Google creates a Red Team to test attacks against artificial intelligence systems

Google creates a Red Team to test attacks against artificial intelligence systems

Google has created a red team that focuses on artificial intelligence (AI) systems and released a report providing an overview of common types of attacks and lessons learned.

The company announced its AI Red Team just weeks after it introduced the Secure AI Framework (SAIF), designed to provide a security framework for the development, use, and protection of AI systems.

Google’s new report highlights the importance of red teaming for AI systems, the types of AI attacks that can be simulated by red teams, and the lessons for other organizations that may be considering launching their own team.

The AI ​​Red Team is closely aligned with traditional Red Teams, but also has the necessary AI expertise to perform complex technical attacks on AI systems, Google said.

The company’s AI Red Team takes on the role of adversary in testing the impact of potential attacks against real-world products and features that use AI.

Take prompt engineering for example, a widely used AI attack method where prompts are manipulated to force the system to respond in a specific way desired by the attacker.
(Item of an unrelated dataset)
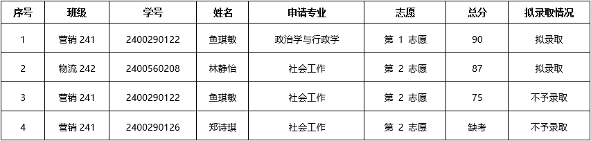 根据教务处“关于做好2024-2025-2学期本科学生转专业工作的通知”精神和要求,学院于2025年2月28日对申请转入学院相关专业的学生进行了考核,经专业面试、笔试,以及院转专业考核领导小组审核,现将考核总评成绩及拟录取名单公布如下: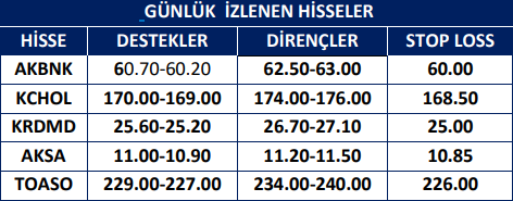 AKBNK: Fiyatın önemli destek/direnç dönüşüm noktası üzerinde olduğunu düşünmekteyiz. 59.70 seviyesi üzerinde fiyat hareketinin yukarı yönlü devam edebileceğini ön görmekteyiz. Yukarıda sırasıyla 62.10 ve 63.95 seviyelerini hedef olarak takip etmekteyiz.

In one example shared by Google, a webmail application uses artificial intelligence to automatically detect phishing emails and warn users. The security feature uses a generic large language model (LLM) ChatGPT is the most well-known LLM for analyzing an email and classifying it as legitimate or malicious.

Announcement. Scroll to continue reading.

An attacker who knows that the phishing detection feature uses artificial intelligence can add an invisible paragraph (by setting the font to white) containing instructions for the LLM to their malicious email, telling them to classify the email as legitimate.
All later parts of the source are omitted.